As was widely noted last week, the Bush administration has decided to yank the US out of the optional protocol to the Vienna Convention on Consular Relations. The convention guarantees that when states arrest one another’s nationals, they notify one another and inform the arrested person of the right to contact a consulate; the optional protocol requires that disputes between nations under the convention be resolved by the International Court of Justice in The Hague, and it makes the decisions of that court binding upon the signatory states. By withdrawing from the protocol, the United States refuses to be bound by ICJ rulings related to the convention.
At the time, the decision seemed rather out of the blue.
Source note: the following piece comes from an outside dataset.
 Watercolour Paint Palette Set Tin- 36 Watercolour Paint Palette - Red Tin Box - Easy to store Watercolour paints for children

After all, just in February, Paul D. Clement, Bush’s pick for solicitor general, wrote a brief to the Supreme Court announcing that the administration would accept a 2004 ICJ ruling that found the US in breach of the Vienna convention. The specific case at issue involved a Mexican man being held in Texas who argues that his death sentence is invalid because American officials failed to notify the Mexican consulate of his arrest and sentencing in the United States.
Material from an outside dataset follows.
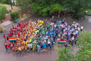 JA, DALBERG IST BUNT! Zum Beweis dafür, dass unsere Schule bunt und vielfältig ist, hat sich die Schulfamilie des Dalberg-Gymnasiums kurz vor Unterrichtsschluss am Dienstag, 27.6.23 gekleidet in den Farben des Regenbogens als lebende Pride-Fahne formatiert.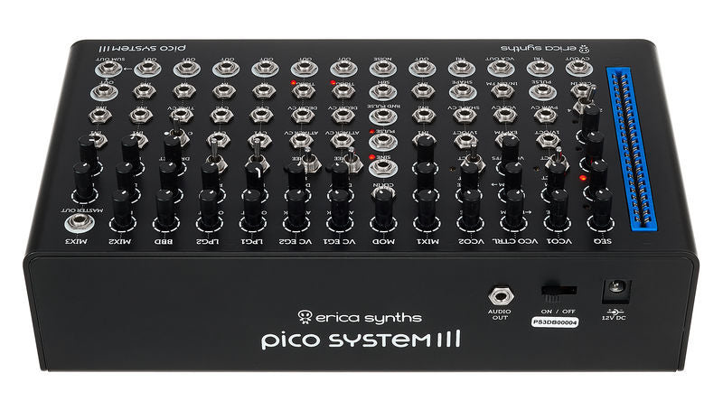 The system has 31 inputs and 20 outputs (master output is duplicated) + 7 switches; if you have enough patch cables at your disposal, you can patch the system in 121000931215044250740178662400 or 1.21x1029 variations (we ignored the possibility to adjust potentiometers here). Even though only 0,0001% of all patches will sound more-less enjoyable, you and all your future generations can spend a lifetime only patching the Pico System III.

Turns out we shouldn’t be surprised. The folks over at SCOTUSblog gave the brief a close reading and found that, in it, Clement actually hints that the US was planning to junk the protocol. “Even if a Nation decides to comply with the decision in a particular case,” he wrote, “it retains the option of protecting itself from further decisions based on the legal principles of that case by withdrawing from the Optional Protocol.” And so it was done (though there is still debate as to whether the withdrawal is either legal or effective immediately).
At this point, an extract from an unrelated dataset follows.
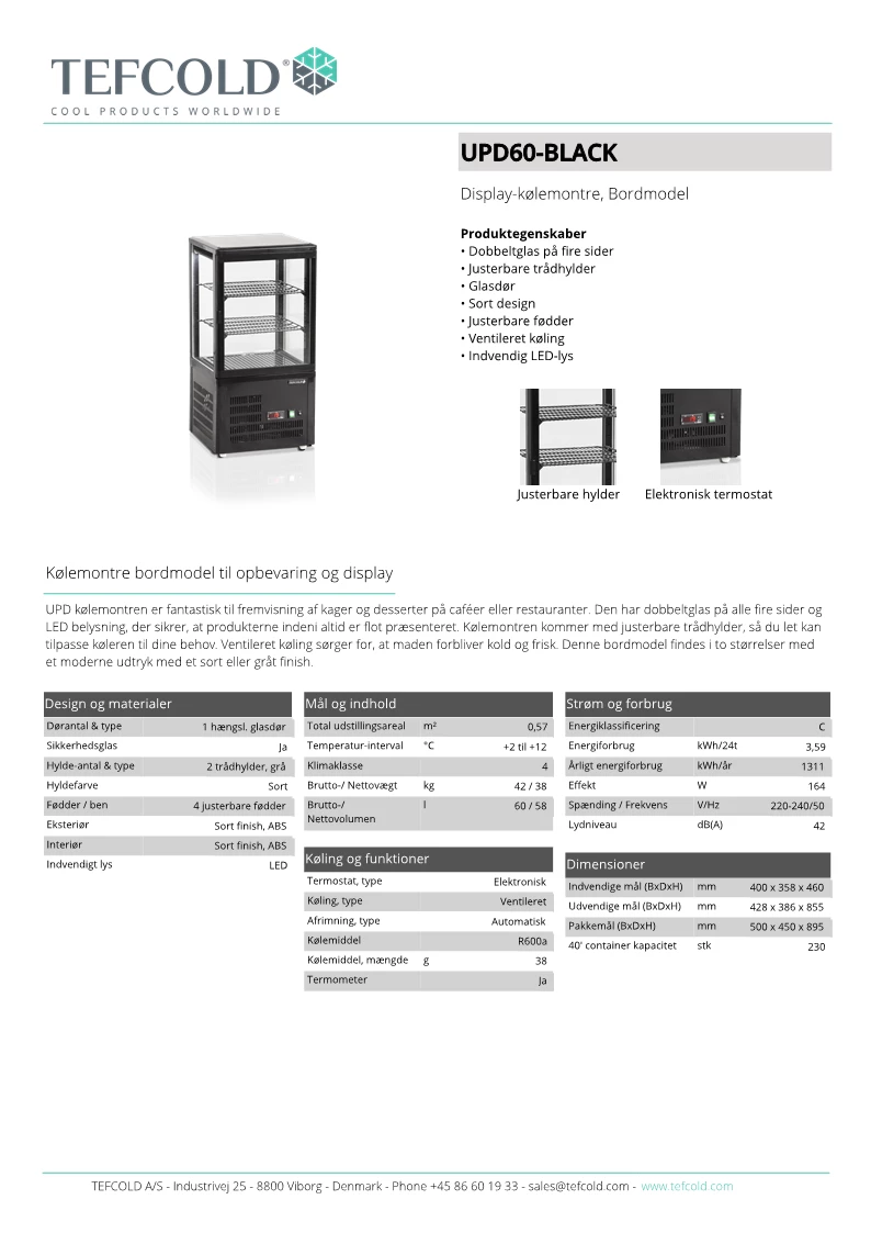 Bruttovolumen: 60 ltr, sort finish, ABS, sort ABS indvendigt.

You may recall Clement from previous cases such as Padilla, Moussaoui, and Hamdi; he’s one of the lead lawyers behind the administration’s tricky legal strategy in the “war on terror.” As Federal Public Defender Frank Dunham Jr. recently put it, “[Clement] can make the unreasonable sound reasonable” — a skill that should serve him well — from the government’s point of view — in his new job as the administration’s top advocate in the Supreme Court.